Saint Stanislaus church () is a Roman Catholic Church (RCC) in Chortkiv of the Chortkiv urban hromada of the Chortkiv Raion of the Ternopil Oblast.

History 
On February 22, 1610, the Rus' voivode and owner of the town Stanislav Holskyi brought to Chortkiv oo. Dominicans and founded a church and monastery for them. The first church was built together with the monastery. Dominicans in 1619. After his death, the founder was buried in the crypt of the church. The temple was visited by Polish kings, including Jan II Casimir (in 1663) or Jan III Sobieski (in 1673).

The church of the 18th century turned out to be too small for parishioners, so at the turn of the 19th/20th century it was decided to build a new (current) church in its place (after dismantling the old one). Construction was completed in 1918. It is made in the Gothic style "Vistula" designed by Polish architect Jan Sas Zubrzycki. The authors of the figures of saints were Czeslaw Stovp and Damian Stankievych.

In 1941, Soviet troops, fleeing to the east, set fire to the church and monastery, destroying the building.

After the end of World War II and the departure of Poles from the local lands, the Soviet authorities closed the church and set up a fertilizer warehouse, and valuable Dresden organs inside were destroyed (later the Dresden authorities wanted to buy them back, but it was too late). The church was handed over to the Dominican Fathers in a ruined state in 1989. The first pastor (after the Second World War) was Father Reginald Vyshnevskyi from Chortkiv.

Until the end of the Second World War, the church kept a painting of the Chortkiv Mother of God (Rosary), which was presented to the Dominicans in the XVII century by King Jan Casimir.
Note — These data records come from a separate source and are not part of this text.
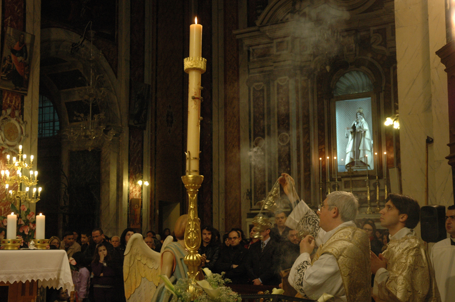 Veglia Pasquale: illuminazione della chiesa, intronizzazione del Cero pasquale. Subito dopo c'č il canto dell'Exultet
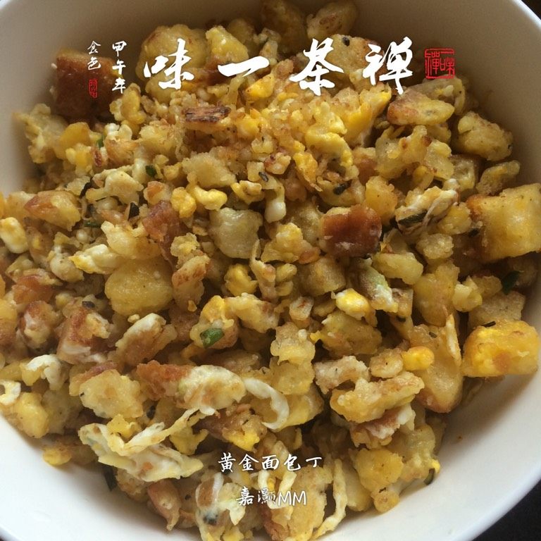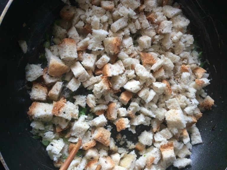 4. 如图不用炒香葱碎直接下面包丁翻炒
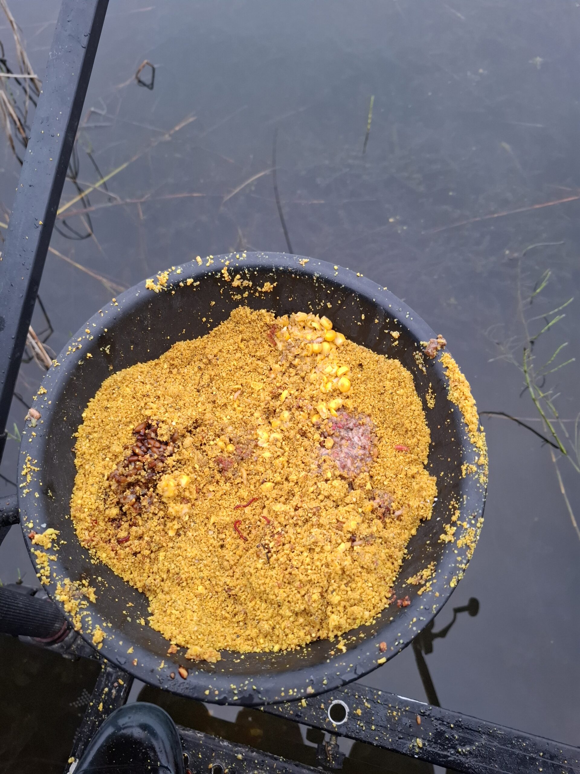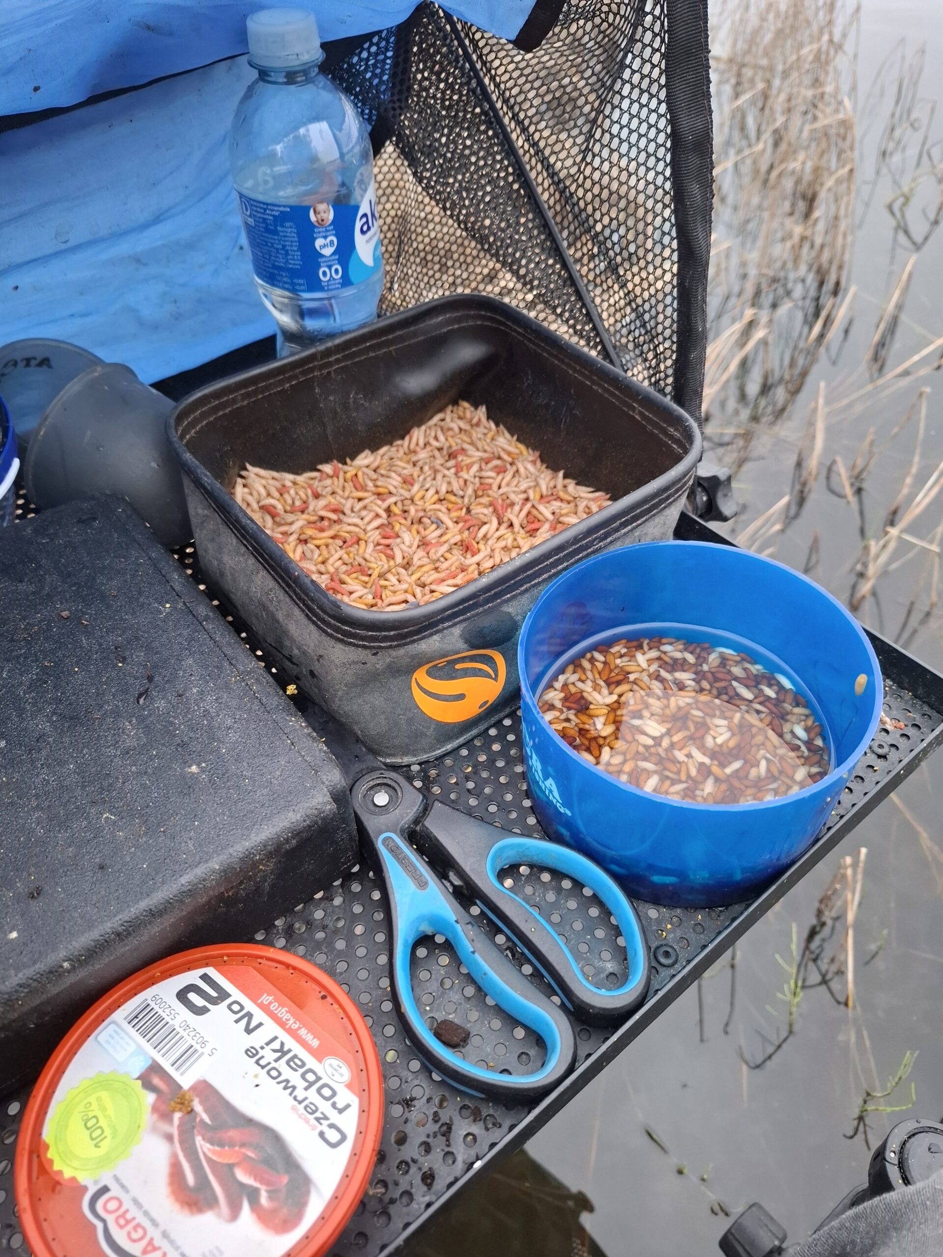 Startui – 8 didelės šėryklos, prikimštos musės lervų košės ir karpytų kukurūzų. Kadangi mano pasirinktas žūklės taškas yra ties pagrindine srove, startuoju su 70 g uždaro tipo šėrykla ir 0,13 mm storio bei 1,5 m ilgio pavadėliu. Pirmos dvi žūklės valandos nieko gero nežadėjo – vien smulkios kuojelės, vienas įskaitinis karšiukas ir puskaršis.
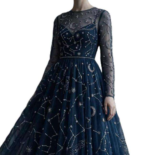 ชุดราตรีสีน้ำเงินกรมท่าประดับด้วยลูกปัดลายกลุ่มดาว แขนยาว ผ้าทูลล์ สำหรับงานพรอม ผลิตโดยผู้ผลิตสินค้าหรูหรา คุณภาพสูง ตัดเย็บตามสั่ง
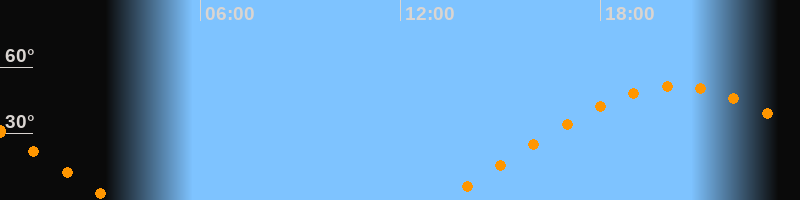 | Aufgang | 13:14 Uhr im Osten (αAz = 70°) |
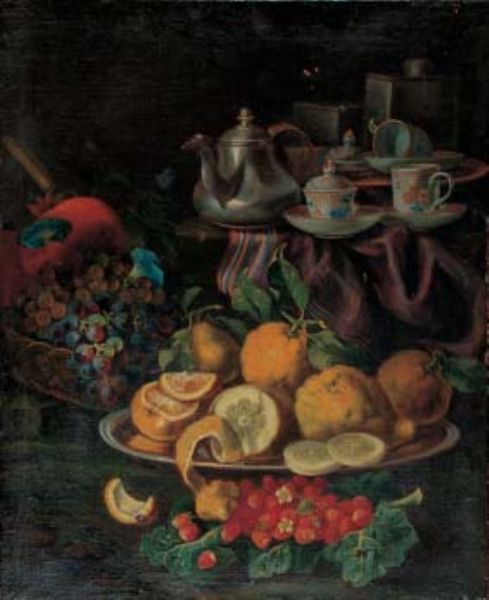 | NATURE MORTE À LA THÉIÈRE, À L’ASSIETTE DE CITRONS ET À LA COUPE DE RAISINS | |
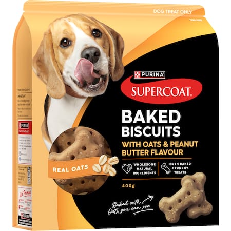 Get Supercoat Baked Biscuits Dog Treats With Oats & Peanut Butter Flavour 400g delivered to your doorsteps in minutes | AU
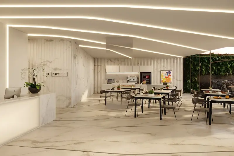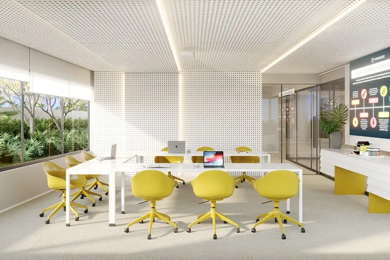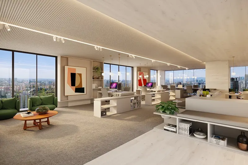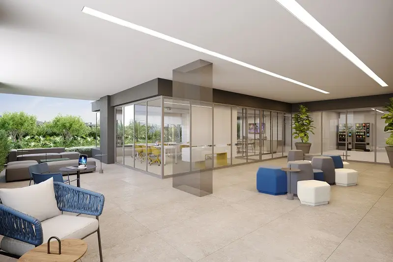 O projeto se destaca por seu design moderno, tecnologia integrada e infraestrutura funcional, com espaços corporativos que priorizam iluminação natural, ventilação eficiente e ambientes flexíveis para atender às demandas do mercado de trabalho contemporâneo. A composição inclui áreas comuns como auditório, salas de reunião, espaços de convivência e serviços de apoio, proporcionado uma experiência completa para colaboradores e visitantes.
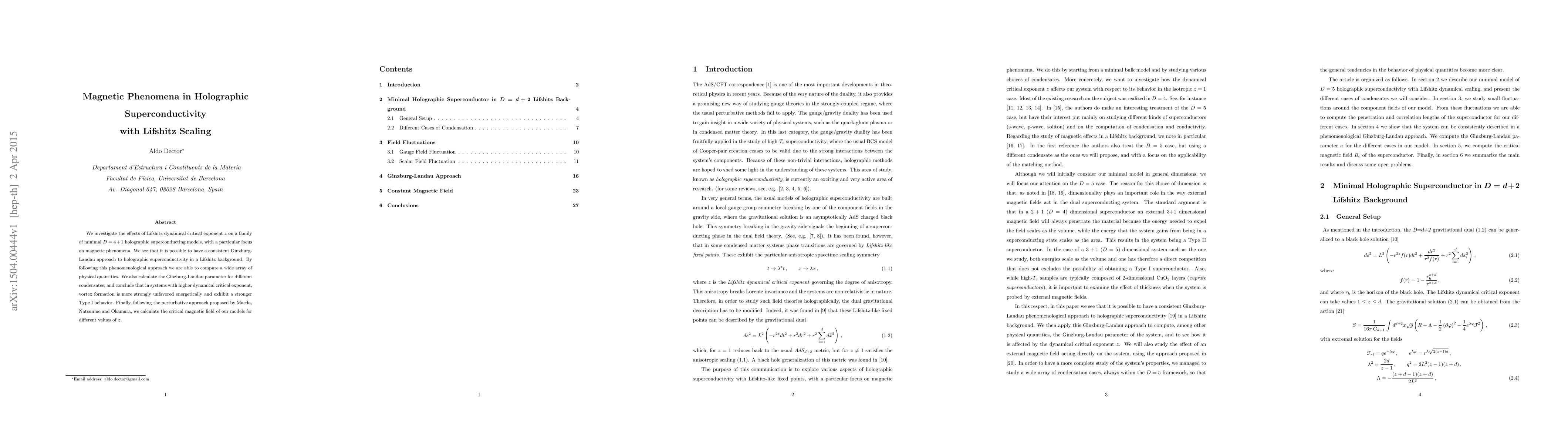 We investigate the effects of Lifshitz dynamical critical exponent z on a family of minimal D=4+1 holographic superconducting models, with a particular focus on magnetic phenomena. We see that it is possible to have a consistent Ginzburg-Landau approach to holographic superconductivity in a Lifshitz background. By following this phenomenological approach we are able to compute a wide array of physical quantities. We also calculate the Ginzburg-Landau parameter for different condensates, and conclude that in systems with higher dynamical critical exponent, vortex formation is more strongly unfavored energetically and exhibit a stronger Type I behavior. Finally, following the perturbative approach proposed by Maeda, Natsuume and Okamura, we calculate the critical magnetic field of our models for different values of z.
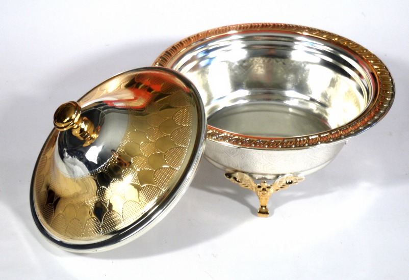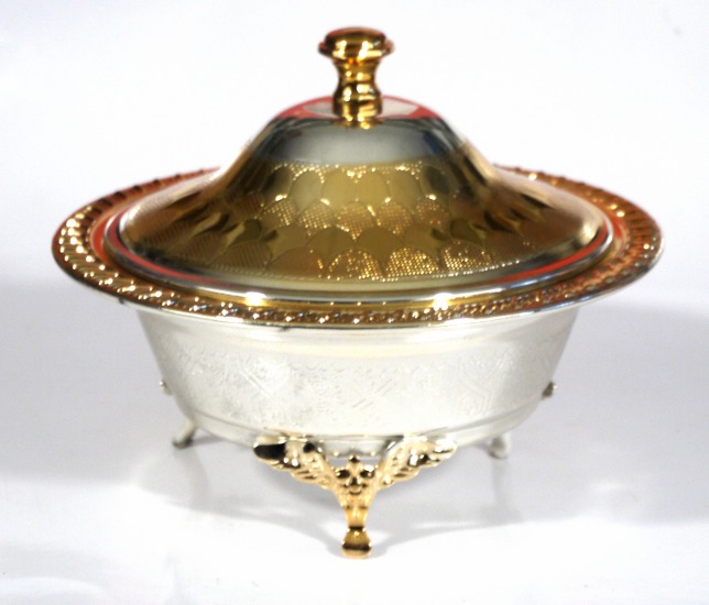 Très beau sucrier, boite à bonbon (Récipient métallique rond avec couvercle argenté avec parties dorées) peut également servir à présenter des fruits secs, des dattes, etc.
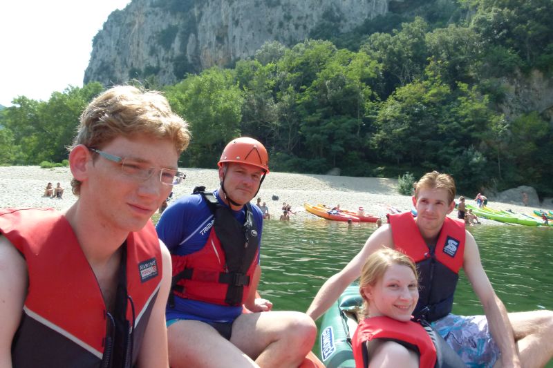 Wir fuhren mit zwei Wagen. Aiguèze ist eine wunderschöne kleine Festung. Allen hat die Stadt und die Aussicht über einen Teil des Ardèche- und Rhonetales gefallen. Auch der Mont Ventou war von dort aus klar zu sehen. Auf dem Friedhof gab es sogar frische blaue Feigen direkt vom Baum. Leider blieb uns nur eine Stunde, dann mussten wir weiter zur Grotte. Hélène wollte lieber in der Sonne bleiben und so ging ich mit den "Kindern". Der Wunsch, die Grotte zu besichtigen, war von Raphael gekommen und er hatte damit Recht. Auch diese Grotte hatte wieder ihre Einmaligkeit, die es sonst nirgendwo anders in Europa zu sehen gibt: Sinterbecken in Form von Kaskaden, wunderbar beleuchtet, und eine "Kathedrale", animiert mit Ton und Licht. Rechtzeitig vor dem Reittermin war die Führung zu Ende und die "Madels" fuhren mit dem Passat dorthin während wir Jungs mit dem Navara zum Campingplatz zurückfuhren. Als sie nach gut 2 Stunden zurückkamen strahlten ihre Augen und sie waren begeistert von dem Ausritt auf Westernpferden durch die "Garigue" (mannshoher Wald) mit wunderschönen Aussichten über das Tal. Aber keiner hatte an einen Fotoapparat gedacht. Zum Abend aßen wir Spaghetti Carbonara und gingen dann schlafen, da wir am nächsten Tag die Große Tour (22km) mit dem Kanu machen wollten. Wir alle hatten wegen der Länge reichlich Respekt vor dieser Tour. |

It was saved from destruction by former Polish parishioners, who forcibly moved the painting to the new borders of Poland, and in the 1980s placed it in the Warsaw church. street Jacek, where he remains to this day. Today, a crowned copy of the painting is kept in the church in Chortkiv.

In 2019, at the 40-meter height of the tower of the Saint Stanislaus church in Chortkiv, archaeologist, researcher of fortifications and antiquities Volodymyr Dobrianskyi discovered a detonator of a shrapnel projectile, according to its flight trajectory determined that the 1st, 3rd, 4th and 7th cannon regiments (64 guns) under the command of Ataman Kirill Karas during the Chortkiv offensive (June 7–28, 1919) were stationed in the woods west of the village of Shmankivtsi in the Chortkiv district.